Now that we know which tag to look for, we need an app that will help us get those places, but only within our desired boundary. Open up Overpass Turbo, which is a website that helps construct calls to the Overpass API, which is one way to find and download data from OSM.

Tutorial

In the default Overpass Turbo query, there’s probably a tag in brackets that says [amenity=drinking_fountain]. Change that to say [amenity=place_of_worship] (without the quotes). Now change the viewport of the map to show only the area in which you want Overpass Turbo to look for these places of worship. In the query this argument is listed as ({{bbox}}).

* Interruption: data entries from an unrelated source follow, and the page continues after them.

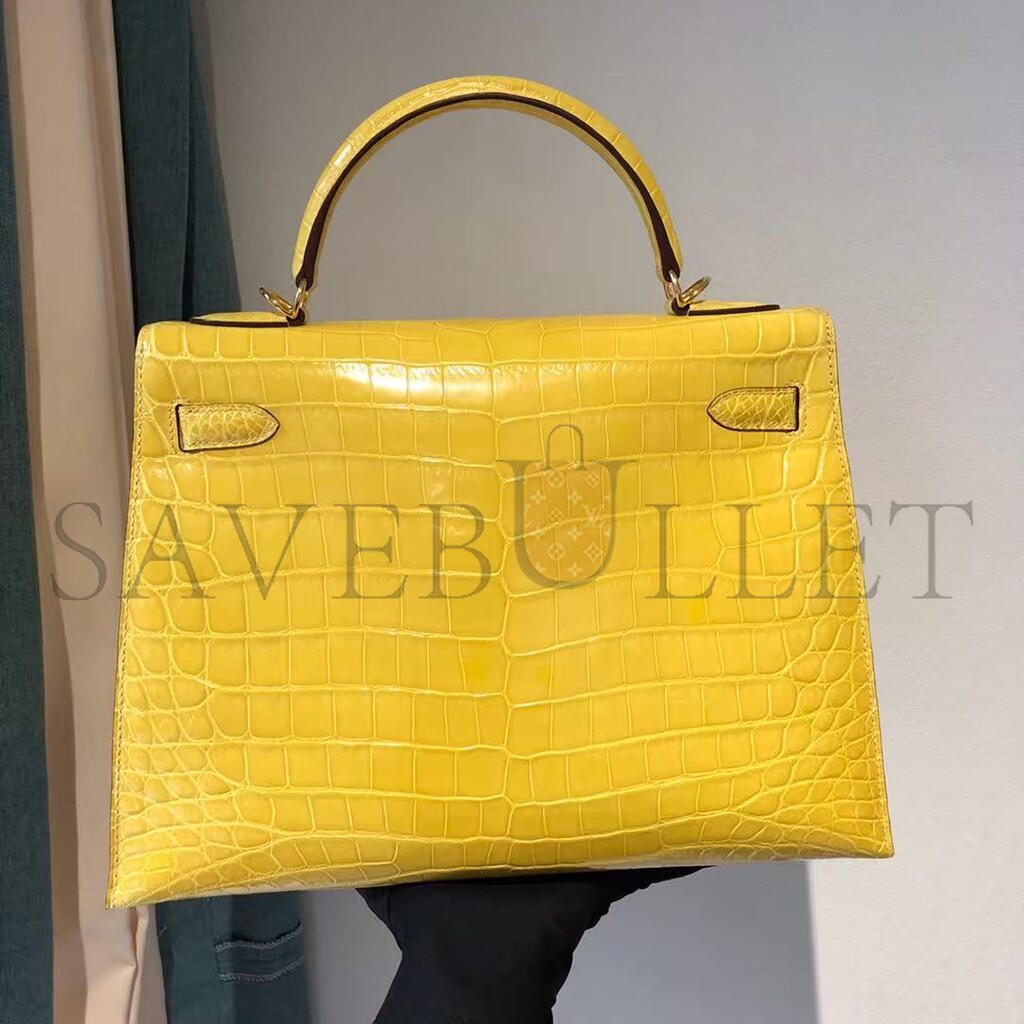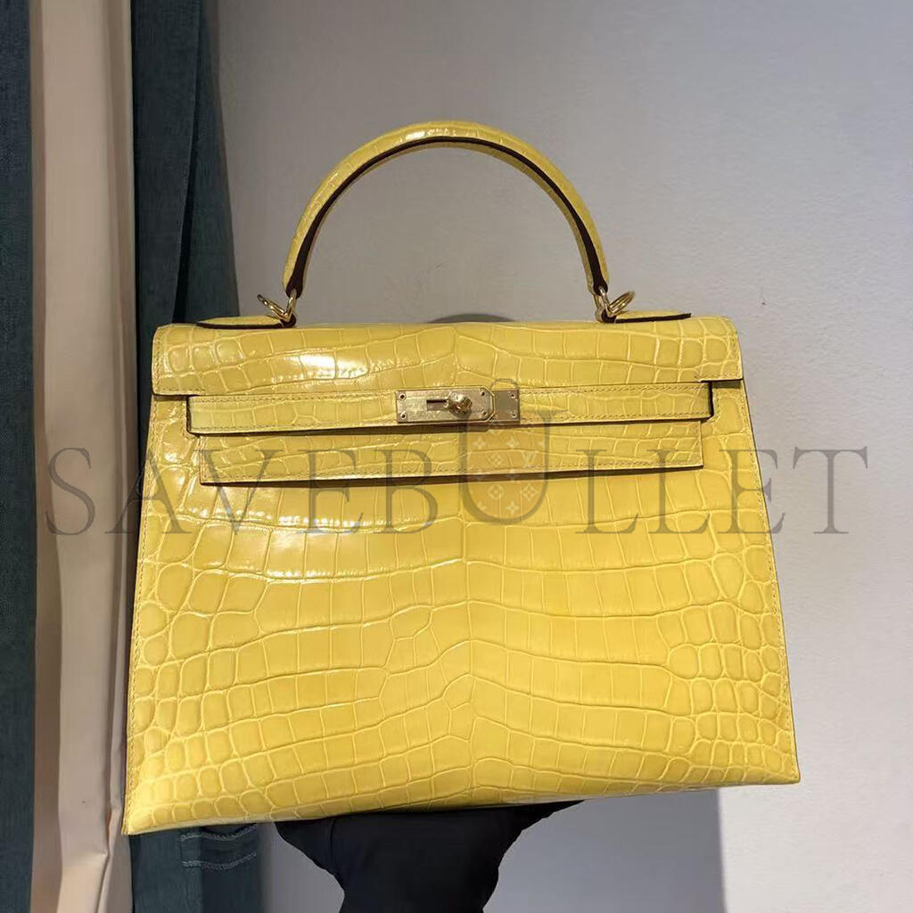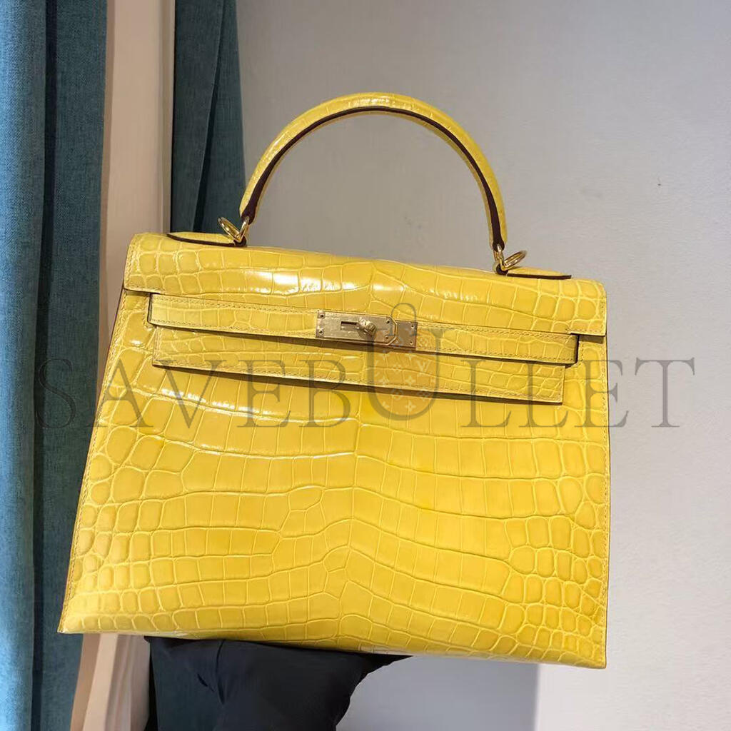 MASTER HERMES KELLY 32 MATTE ALLIGATOR GOLD HARDWARE (32*23*10.5cm)
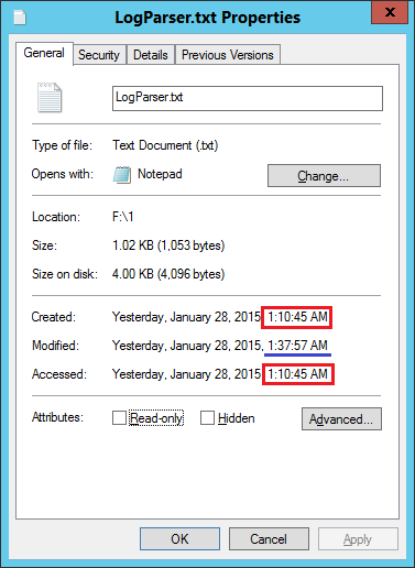 ""besides, and "lastaccesstime" is also older than "LastWriteTime" - I've never seen it in Windows 2008/7" - of course you're right.
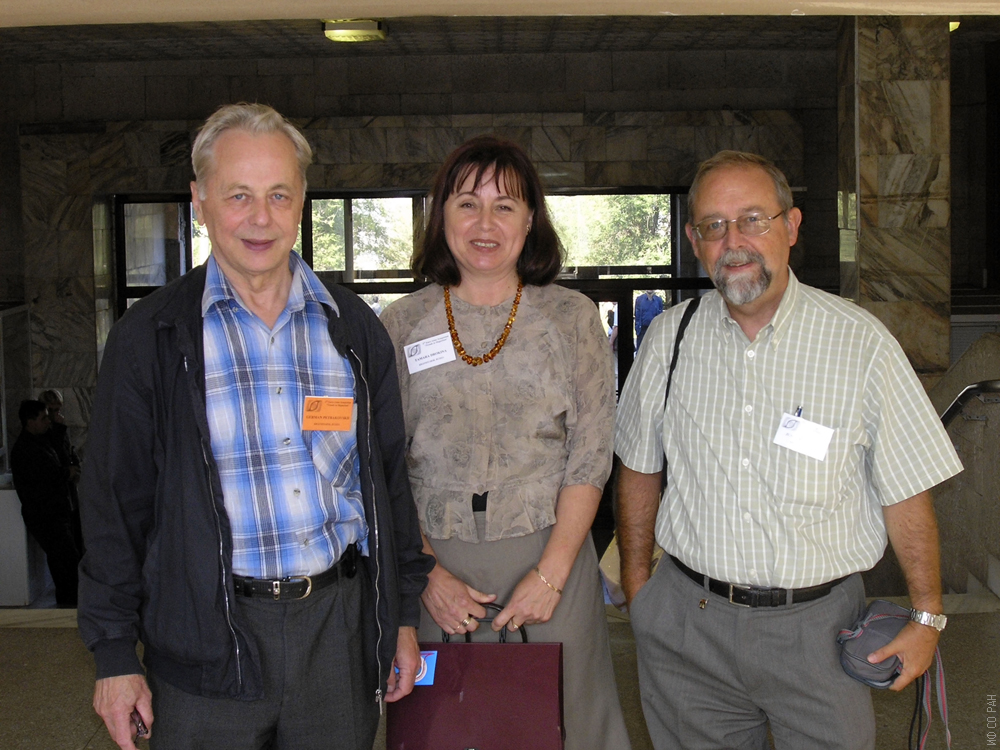 Фото на память. Участники Евро-Азиатского симпозиума «Прогресс в магнетизме» (ЕASTMAG-2004), сотрудники Института физики им. Л.В. Киренского Сибирского отделения Российской академии наук (ИФ СО РАН), слева направо: Петраковский Г. А., Дрокина Т. В., и Дж. Бартоломе (университет Сарагосы, Испания), Красноярск, август 2004 год.
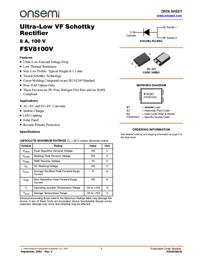 8 A, 100 V Ultra-Low VF Schottky Rectifier
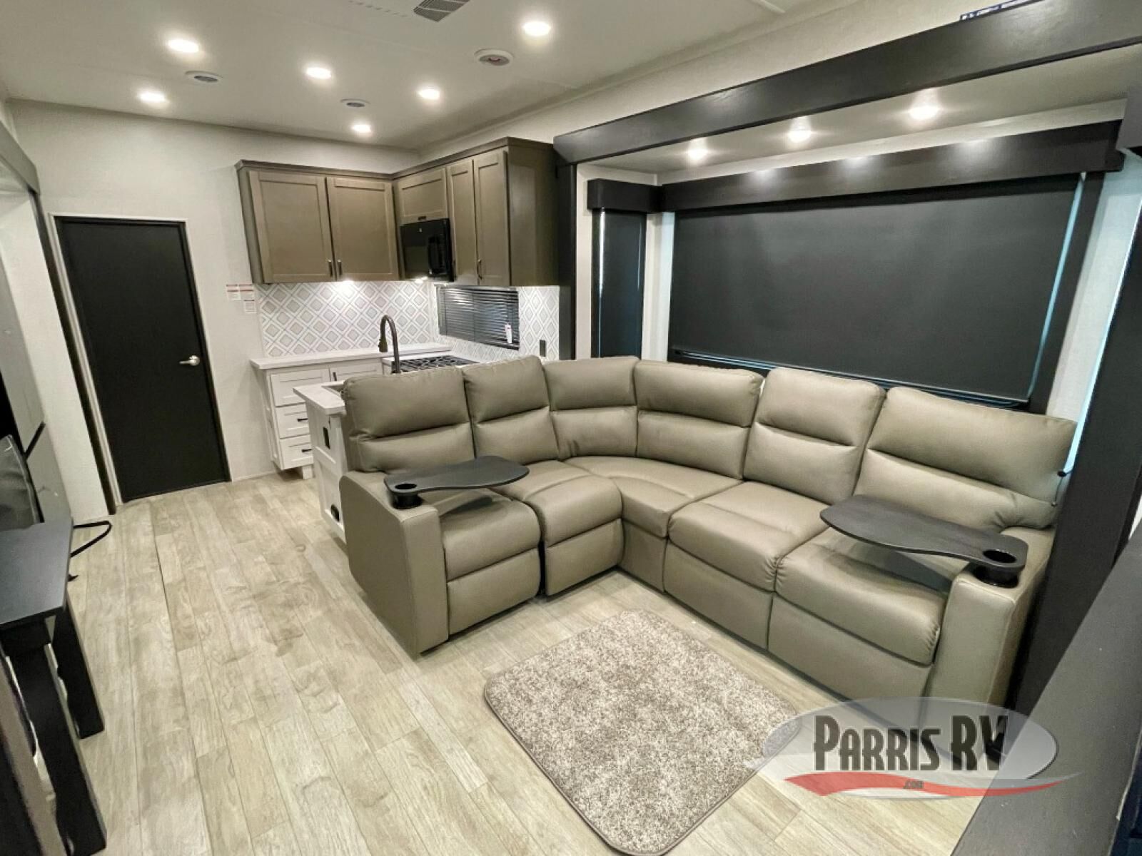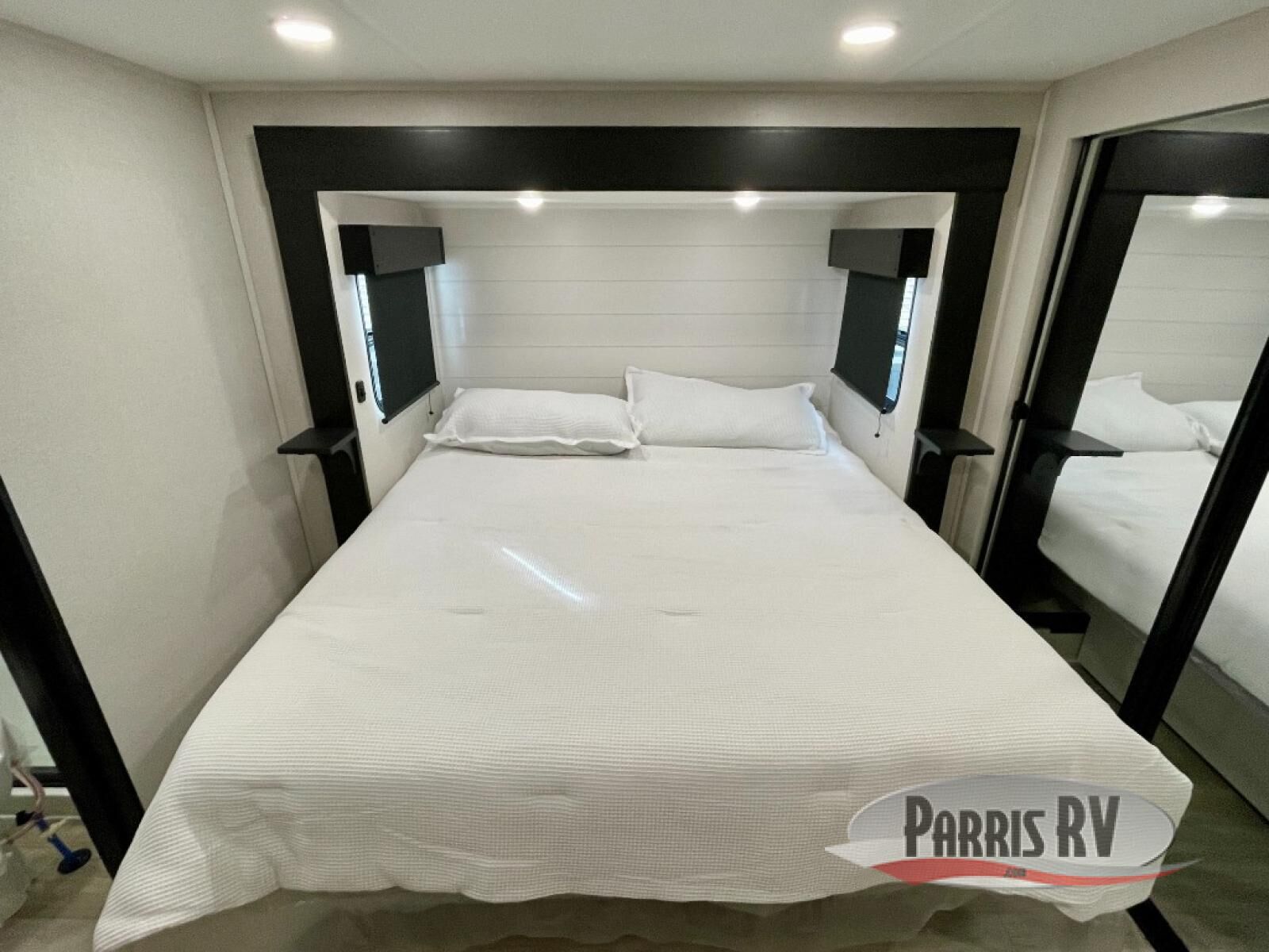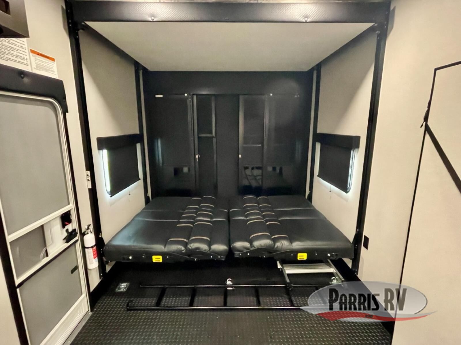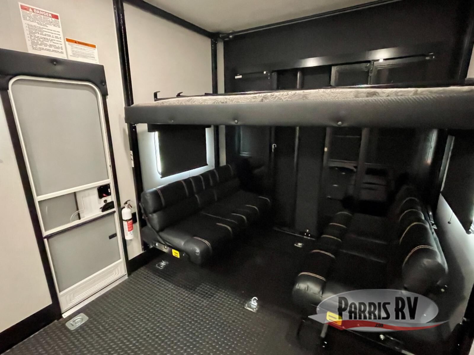 The 13' 6" garage is the perfect space for your toys, with enough room for your ATV, motorcycle, or other gear. Plus, the electric queen bed provides a comfortable spot to rest after a long day. The overhead loft with storage provides additional space for your gear, keeping it out of the way but still accessible. The kitchen is fully equipped with a microwave, sink, overhead cabinets, pantry, and coffee bar. The L-shaped sofa provides ample seating for relaxation, and the TV is perfectly positioned for viewing. The full bathroom is a welcome convenience, providing a private space to freshen up. Also, the front bedroom is a luxurious retreat, featuring a king bed, a walk-in closet, and drawers, and on the exterior, the two entry/exit doors provide easy access to the outside, making it perfect for loading and unloading your gear.

The map has a search bar to find boundaries (cities, counties, principalities, neighborhoods, etc.) so type in “Cook County” and press Enter. The Cook County in Illinois, United States of America, will probably appear first. Select that one and the map will zoom to show the whole county in the viewport.

Now that we’ve set the tag to [amenity=place_of_worship] and moved the map to show Cook County we can click “Run”. In a few seconds you’ll see a circle over each place of worship.

It’s now simple to download: Click on the “Export” button and click “KML” to be able to load the data into Google Earth, “GeoJSON” to load it into a GIS app like QGIS, or “save GeoJSON to gist” to create an instant map within GitHub.

*You could probably get creative and ask a municipality for a list of certificates of occupancy or building permits that had marked “religious assembly” as the zoning use for the property.